EXERCISE: Look through the listing below for the line containing "About User Setting.". Copy it and each line after it up to and including the line containing "Добрый день уважаемые", exactly, leaving out pictures.

INFORMATION GIVEN:
☆ ☆ ☆

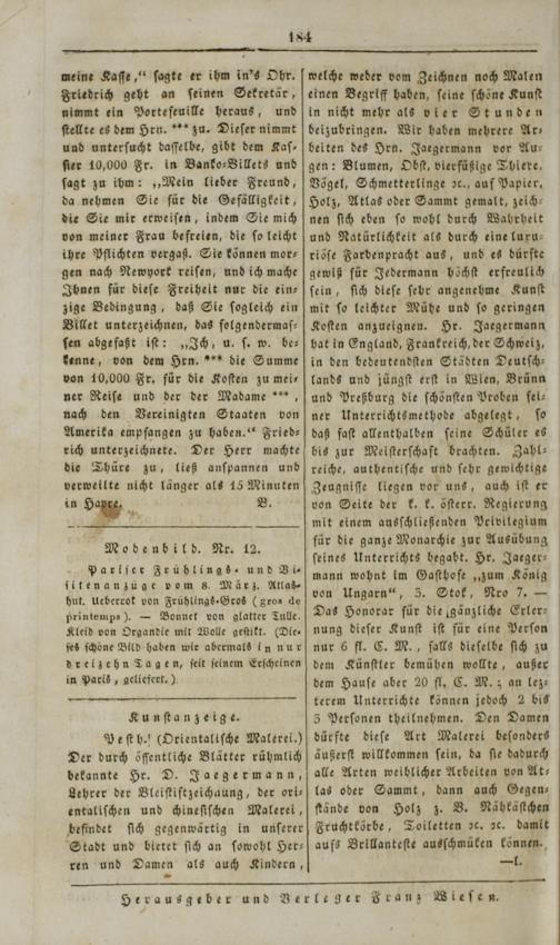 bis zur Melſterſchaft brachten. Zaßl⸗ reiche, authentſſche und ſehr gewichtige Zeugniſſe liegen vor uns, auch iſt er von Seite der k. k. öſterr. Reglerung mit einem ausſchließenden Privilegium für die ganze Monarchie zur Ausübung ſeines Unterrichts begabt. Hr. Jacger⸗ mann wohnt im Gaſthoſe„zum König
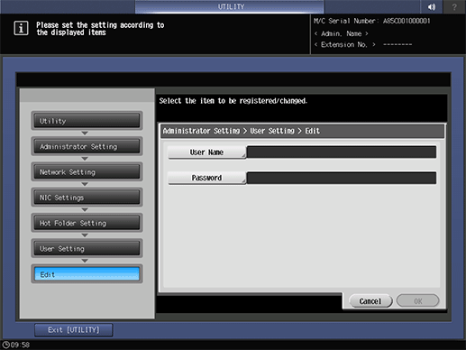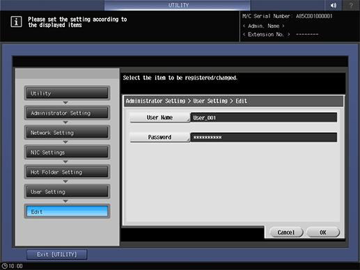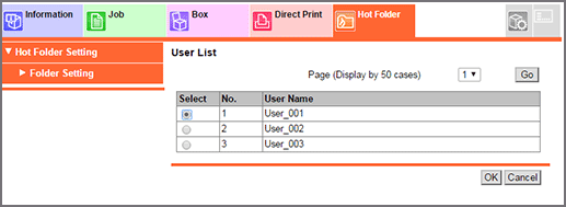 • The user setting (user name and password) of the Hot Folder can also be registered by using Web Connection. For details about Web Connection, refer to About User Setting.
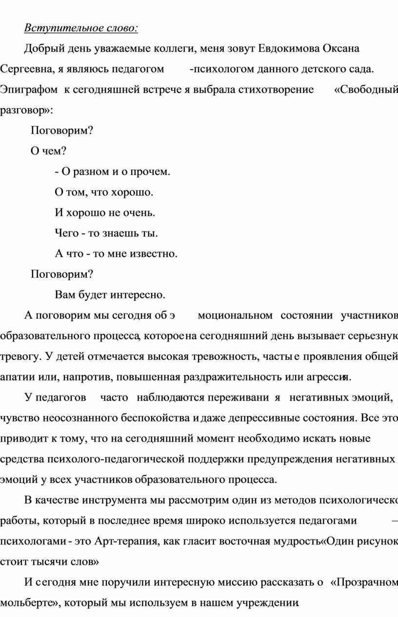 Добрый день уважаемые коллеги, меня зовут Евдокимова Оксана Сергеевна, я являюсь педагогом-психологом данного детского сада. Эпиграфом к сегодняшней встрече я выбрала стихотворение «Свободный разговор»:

☆ ☆ ☆

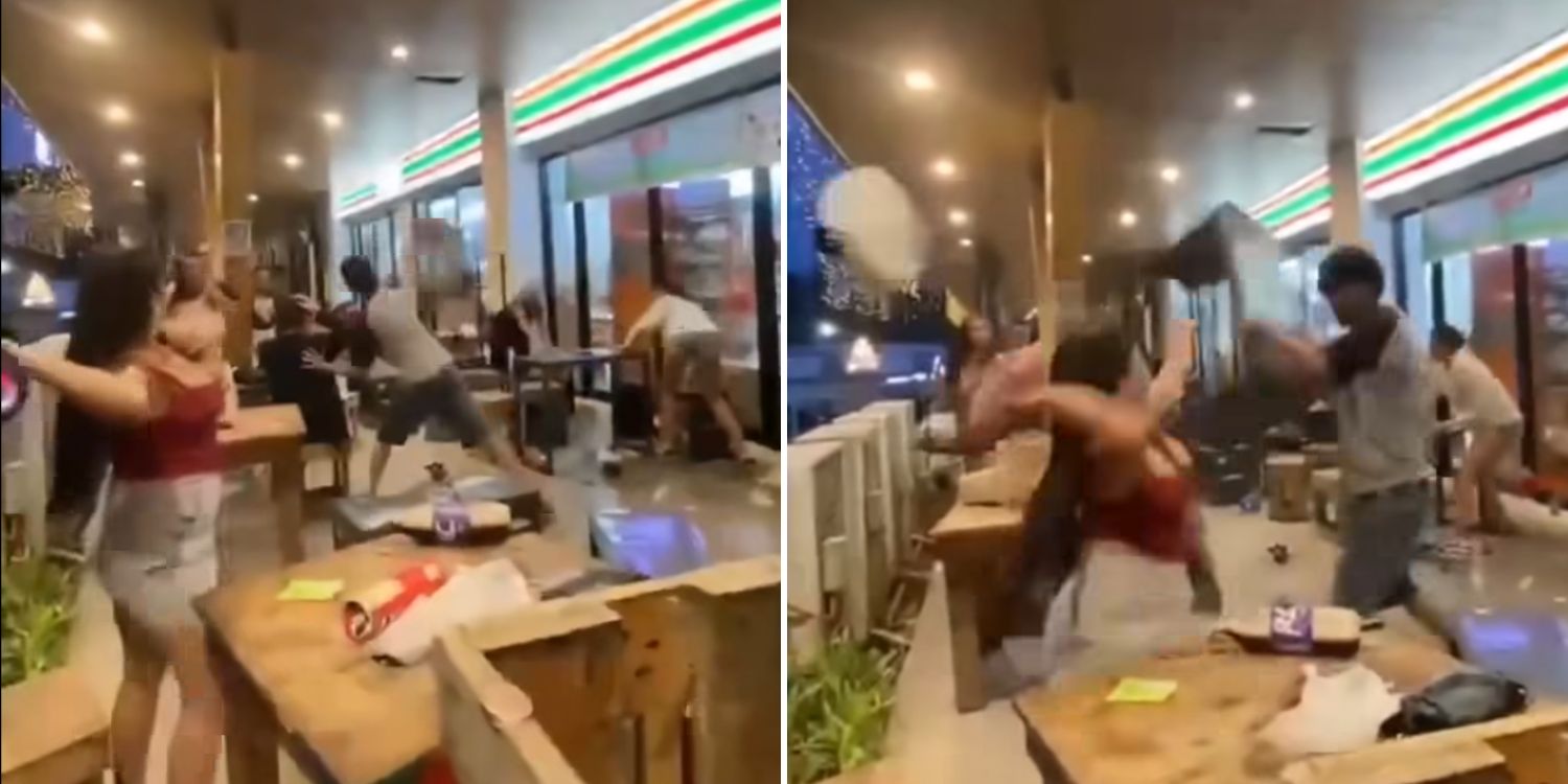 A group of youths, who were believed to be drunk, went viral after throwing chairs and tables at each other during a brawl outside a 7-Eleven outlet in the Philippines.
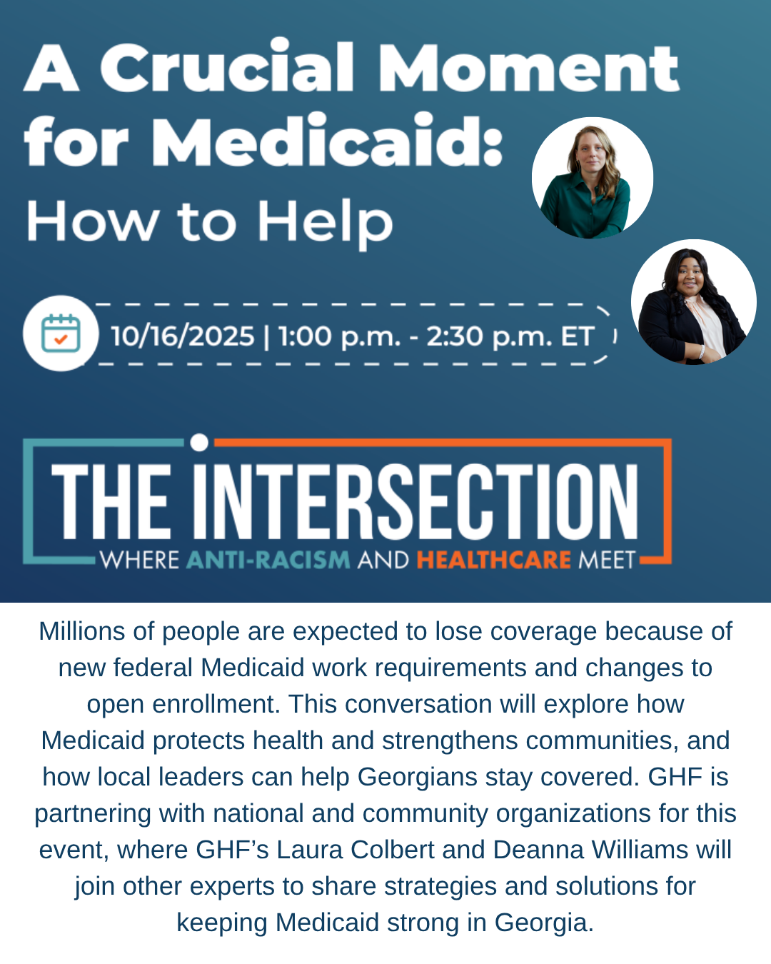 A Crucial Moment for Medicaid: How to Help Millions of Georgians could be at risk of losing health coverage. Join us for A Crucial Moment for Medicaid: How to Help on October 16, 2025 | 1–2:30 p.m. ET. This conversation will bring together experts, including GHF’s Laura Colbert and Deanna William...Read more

☆ ☆ ☆

COMPLETED TASK:
 • The user setting (user name and password) of the Hot Folder can also be registered by using Web Connection. For details about Web Connection, refer to About User Setting.
 Добрый день уважаемые коллеги, меня зовут Евдокимова Оксана Сергеевна, я являюсь педагогом-психологом данного детского сада. Эпиграфом к сегодняшней встрече я выбрала стихотворение «Свободный разговор»:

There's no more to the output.